### Network Models: Interior Point Algorithm

The data required by PROC NETFLOW for a network problem is identical whether the simplex algorithm or the interior point algorithm is used as the optimizer. By default, the simplex algorithm is used for problems with a network component. To use the interior point algorithm, all you need to do is specify the INTPOINT option in the PROC NETFLOW statement. You can optionally specify some options that control the interior point algorithm, of which there are only a few. The interior point algorithm is remarkably robust when reasonable choices are made during the design and implementation, so it does not need to be tuned to the same extent as the simplex algorithm.

#### When to Use INTPOINT: Network Models: Interior Point Algorithm

PROC NETFLOW uses the primal simplex network algorithm and the primal partitioning algorithm to solve constrained network problems. These algorithms are fast, since they take advantage of algebraic properties of the network component of the problem.

If the network component of the model is large compared to the side constraint component, PROC NETFLOW’s optimizer can store what would otherwise be a large matrix as a spanning tree computer data structure. Computations involving the spanning tree data structure can be performed much faster than those using matrices. Only the nonnetwork part of the problem, hopefully quite small, needs to be manipulated by PROC NETFLOW as matrices.

In contrast, LP optimizers must contend with matrices that can be large for large problems. Arithmetic operations on matrices often accumulate rounding errors that cause difficulties for the algorithm. So in addition to the performance improvements, network optimization is generally more numerically stable than LP optimization.

The nodal flow conservation constraints do not need to be specified in the network model. They are implied by the network structure. However, flow conservation constraints do make up the data for the equivalent LP model. If you have an LP that is small after the flow conservation constraints are removed, that problem is a definite candidate for solution by PROC NETFLOW’s specialized simplex method.

However, some constrained network problems are solved more quickly by the interior point algorithm than the network optimizer in PROC NETFLOW. Usually, they have a large number of side constraints or nonarc variables. These models are more like LPs than network problems. The network component of the problem is so small that PROC NETFLOW’s network simplex method cannot recoup the effort to exploit that component rather than treat the whole problem as an LP. If this is the case, it is worthwhile to get PROC NETFLOW to convert a constrained network problem to the equivalent LP and use its interior point algorithm. This conversion must be done before any optimization has been performed (specify the INTPOINT option in the PROC NETFLOW statement).
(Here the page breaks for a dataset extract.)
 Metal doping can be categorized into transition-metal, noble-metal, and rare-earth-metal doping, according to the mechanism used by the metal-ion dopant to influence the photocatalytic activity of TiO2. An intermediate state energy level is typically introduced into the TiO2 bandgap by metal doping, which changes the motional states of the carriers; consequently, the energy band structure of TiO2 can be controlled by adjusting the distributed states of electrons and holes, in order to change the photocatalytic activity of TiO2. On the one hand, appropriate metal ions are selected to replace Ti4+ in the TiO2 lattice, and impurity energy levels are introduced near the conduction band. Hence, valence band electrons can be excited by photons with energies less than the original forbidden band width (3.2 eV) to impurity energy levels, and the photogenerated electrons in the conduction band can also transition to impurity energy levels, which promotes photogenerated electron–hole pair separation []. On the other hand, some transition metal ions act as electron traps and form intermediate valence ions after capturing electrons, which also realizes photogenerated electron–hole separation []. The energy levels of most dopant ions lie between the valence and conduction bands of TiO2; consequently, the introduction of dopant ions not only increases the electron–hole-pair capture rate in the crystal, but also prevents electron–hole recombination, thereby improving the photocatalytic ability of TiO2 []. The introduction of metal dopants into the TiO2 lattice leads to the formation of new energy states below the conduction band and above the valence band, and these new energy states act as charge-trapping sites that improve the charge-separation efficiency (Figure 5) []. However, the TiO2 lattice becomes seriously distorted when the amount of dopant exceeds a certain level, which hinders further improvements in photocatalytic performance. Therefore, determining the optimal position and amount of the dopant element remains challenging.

Even though some network problems are better solved by converting them to an LP, the input data and the output solution are more conveniently maintained as networks. You retain the advantages of casting problems as networks: ease of problem generation and expansion when more detail is required. The model and optimal solutions are easy to understand, as a network can be drawn.

#### Getting Started: Network Models: Interior Point Algorithm

To solve network programming problems with side constraints using PROC NETFLOW, you save a representation of the network and the side constraints in three SAS data sets. These data sets are then passed to PROC NETFLOW for solution. There are various forms that a problem’s data can take. You can use any one or a combination of several of these forms.

The NODEDATA= data set contains the names of the supply and demand nodes and the supply or demand associated with each. These are the elements in the column vector in problem (NPSC).

The ARCDATA= data set contains information about the variables of the problem. Usually these are arcs, but there can also be data related to nonarc variables in the ARCDATA= data set. If there are no arcs, this is a linear programming problem.

An arc is identified by the names of its tail node (where it originates) and head node (where it is directed). Each observation can be used to identify an arc in the network and, optionally, the cost per flow unit across the arc, the arc’s lower flow bound, capacity, and name. These data are associated with the matrix and the vectors , , and in problem (NPSC).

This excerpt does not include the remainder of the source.